Thursday, May 1, 2008

Balance is hard

Last night I saw someone get mugged from my window.

I don't know what to think about it. All I saw was the driver drive off. I didn't see her get mugged, but I heard it. I didn't think anything about it because people are usually loud outside, and I was in that half asleep state. I heard her say I was mugged. The driver was parked in our parking lot of our dorm.

Life is all in balance. Ever single life I think is part of it, and it shifts. Moves and breaths. It is odd to think that might have been me or Hilde or anyone that I know. Hilde, Lindsey and I went for a late walk the night before so that might have been us. Think about it. The power shift from one side to the other. From the good to the bad. Bad takes with force, and Good takes with compassion. But they all take in someway or another. Is there ever a nutural force? Or a truely good force. What is a good persons motive anyway? To be liked, to do what is right so that they can get into there heaven? They all have a motive. I know that I have a motive looking at it. I want to be liked, and i like the feeling it gives me to see there face light up. That is my goal, and I take from them to get that sense of joy. I take that small emotion and hord over it. It is my gold. Does that make me any better then that man that took that girls stuff?

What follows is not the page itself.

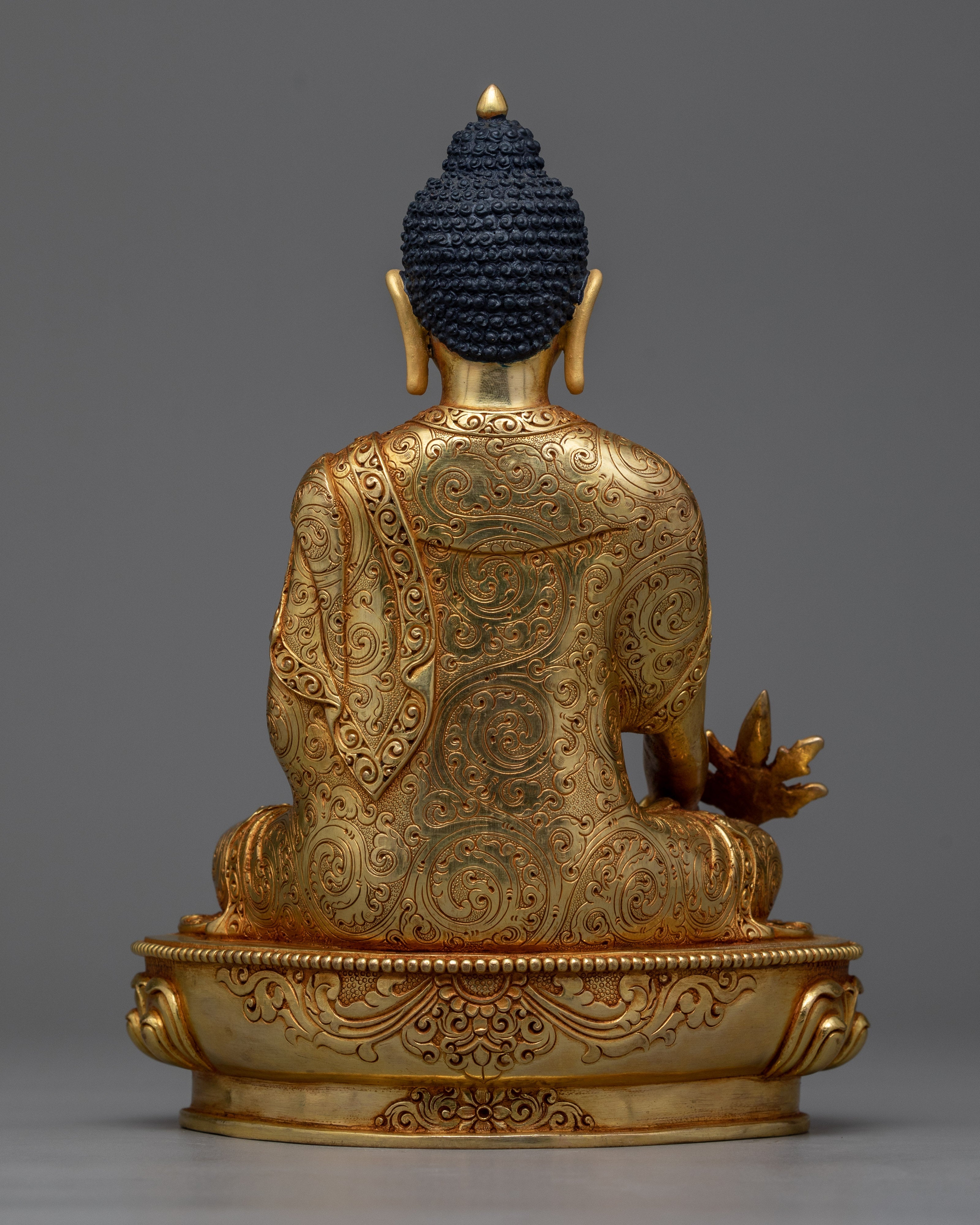 Experience the healing energy of our Medicine Buddha Sculpture, a Buddhist symbol of health and well-being. The rich 24K gold gilding on this finely made statue is a monument to the great craftsmanship of our Nepalese artisans. The mix of gold and acrylic paintings on a solid copper body not only gives a touch of elegance but also conveys the Medicine Buddha's deep spiritual meaning.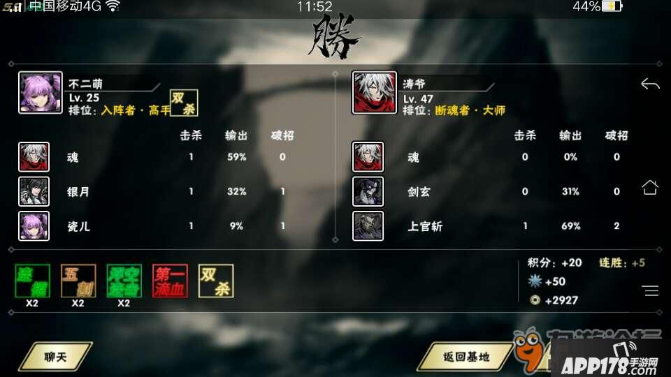 好,接下来进入正题。pvp打了几场都是完胜,然后直接给我匹配个断魂大师的对手,说好的匹配战力差不多的呢,我才是个入阵者,差距也太大了吧,但是还不能不打,直接放弃不是我风格。然后就打赢了(ಡωಡ)hiahiahia

He needed something and he got it. I needed something and I get it. Hummm. . . does that make me anybetter really? I guess the better question if it really is a good thing is if you could give it all up if you were mearly asked? Could I just stop taking that feeling if someone didn't like that i got joy from it? Would that be good then? Wow the lines just got blured for me. I need to do some thinking.

1 comment:

Kim said...

Mormons have a whole jargon specificially for this question: Telestial, Terrestrial, and Celestial.

I think that's the difference--REAL charity is 100% focused on others and their benefit and doing God's work.